Spark Dataframe writing issue in azure from spark: One of the request inputs is not valid

Abdul Hafiz A.G A ID(RITM0203509) 11 Reputation points
2022-08-25T04:24:33.64+00:00

I am able to read data from azure blob storage but when writing back to azure storage then it throws below error . I am running this program in my local machine.

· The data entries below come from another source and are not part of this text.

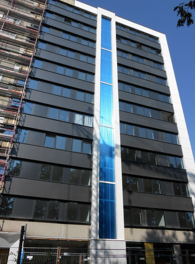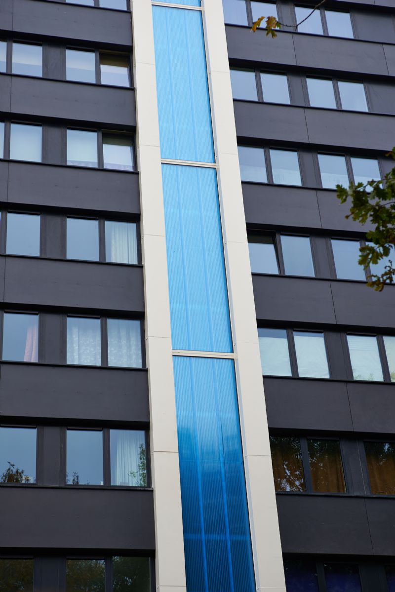 Het wat doffe gebouw is nu lichter en bevat meer kleur. De traphallen kregen een gevel van blauw polycarbonaat, waardoor ze helderder zijn dan daarvoor. De rest van de buitenzijde krijgt twee soorten Colormat gevelplaten van SVK voor een moderne look. Als basis gebruikten Piet Keppens en Jackie Schelfout daarvoor de witte Jasmine en als invulling de donkergrijze Charcoal.
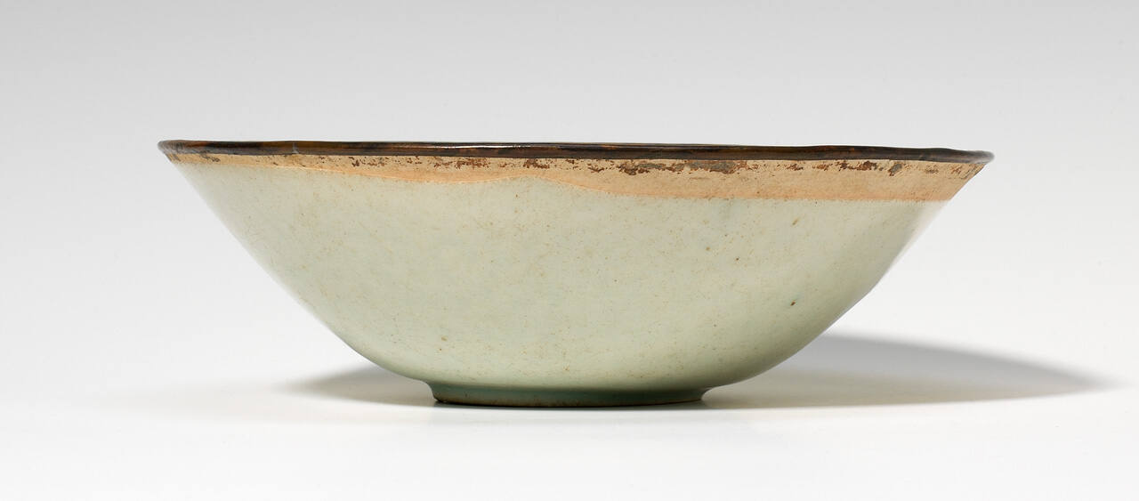 DescriptionBowl with a pale blue glaze, pressed flower designs inside, with a copper band around the rim.
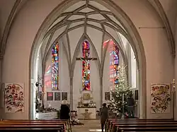 Das dreijochige Kirchenschiff ist einschiffig. Darüber ist Kreuzrippengewölbe. Der zweijochige Chor ist netzrippengewölbt und endet im 3/8-Schluss. Das Gewölbe lagert auf gotischen, halbrunden Diensten.
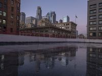 city buildings reflecting in the water on a rainy day with purple skies above them and city streets reflected in wet puddles of water
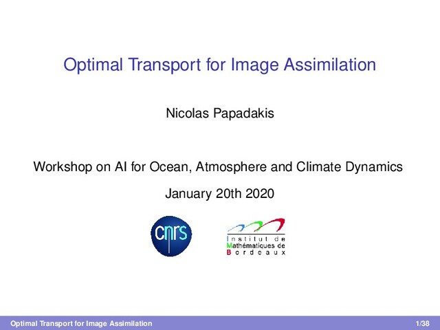 [0, 1] of the geodesic path ρ(x, t): ρ(x, t) = ((1 − t)Id + tT(x)) ρ0 • Non-convex problem over ρ(x, t) ∈ R and velocity field v(x, t) ∈ R2: W2(ρ0, ρ1)2 = min (v,ρ)∈Cv 1 2 [0,1]2 1 0 ρ(x, t)||v(x, t)||2dtdx, under the set of non-linear constraints Cv = (v, ρ) \ ∂t ρ + divx (ρv) = 0, v(0, ·) = v(1, ·) = 0, ρ(·, 0) = ρ0, ρ(·, 1) = ρ1 Change of variable (v, ρ) → (m, ρ), with m = ρv: Convex cost J and linear constraints C No estimation of the transport map T, only the geodesic ρ(x, t) Optimal Transport for Image Assimilation Wasserstein distance 29/38

Can someone help me out on this please.

Program

val config = new SparkConf();

val spark = SparkSession.builder().appName("AzureConnector ").config(config).master("local[*]").getOrCreate()

try {
spark.sparkContext.hadoopConfiguration.set("fs.azure", "org.apache.hadoop.fs.azure.NativeAzureFileSystem")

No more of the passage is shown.